# What do you think of these in a shower



## Speedy Petey (Sep 30, 2003)

Chris Johnson said:


> So does this mean I could install a porch light in my shower and a GFI with a wet location rated cover plate?
> 
> It sounds like I am being a smart ass, but is this a realistic application for this product?


Yes it is. I have done it myself.


----------



## ampman (Apr 1, 2009)

is it less than 300$


----------



## rbsremodeling (Nov 12, 2007)

ampman said:


> is it less than 300$


:laughing: you can bet your ass it is


----------



## Mike Finley (Apr 28, 2004)

ampman said:


> is it less than 300$


This ain't a steam shower light buddy! :laughing:

I've already solved that 300 dollar problem with some duct tape and saran wrap.


----------



## ampman (Apr 1, 2009)

Mike Finley said:


> This ain't a steam shower light buddy! :laughing:
> 
> I've already solved that 300 dollar problem with some duct tape and saran wrap.

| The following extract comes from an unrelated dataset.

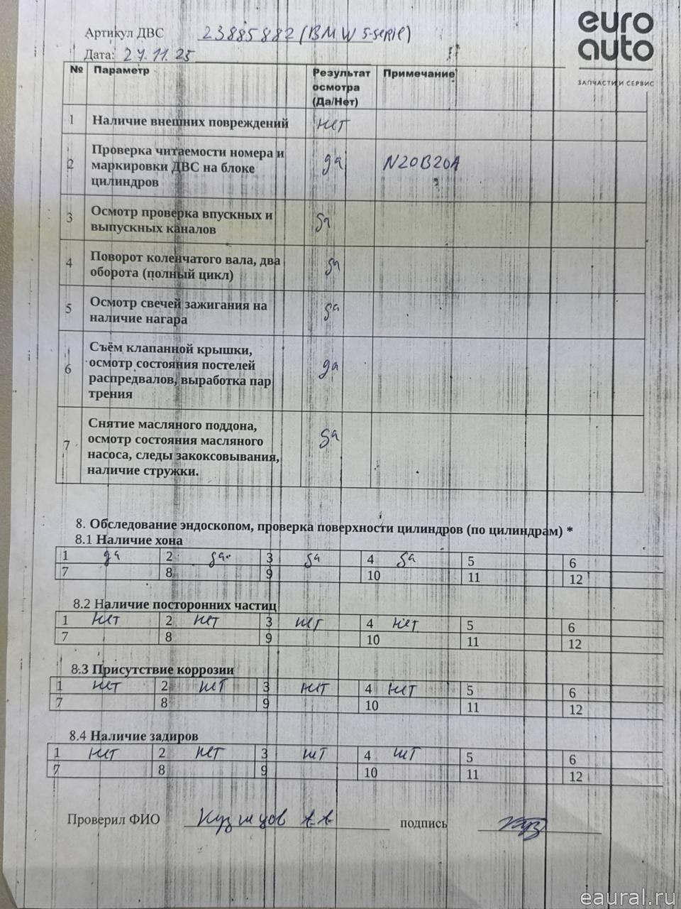 3.0л. 24v. 2010г. есть видеообзор двигателя и пневмо-теста герметичности камеры сгорания контрактный из японии есть сопроводительный пакет документов гтд n52b30a 11002208344
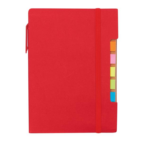 Notes PENZ poręczny, z zaokrąglonymi rogami, zawiera długopis wykonany z tektury (czarny tusz), posiada elastyczną, dopasowaną kolorystycznie gumkę do zamykania, 70 stron, gramatura ok. 70 g/m2, 5 różnokolorowych etykiet samoprzylepnych, wykonany z materiałów nadających się do recyklingu. Materiał: Papier Kolor: czerwony Tagi: notebooki,akcesoria biurowe

 sorry could not help myself -- would a wet location listed light work in a steam shower- probaly not


----------



## rbsremodeling (Nov 12, 2007)

ampman said:


> sorry could not help myself -- would a wet location listed light work in a steam shower- probaly not


The steam showers are rough on most fully enclosed light cans. I have given up trying.

I just set a nice halogen track light outside and beam the lights in, works like a charm


----------



## JonM (Nov 1, 2007)

I keep telling you gents...these are great and only 20 bucks


----------



## lagaceelectric (Apr 4, 2008)

It looks like the trim has a rubber gasket that seals to the bulb to make it wet location approved


----------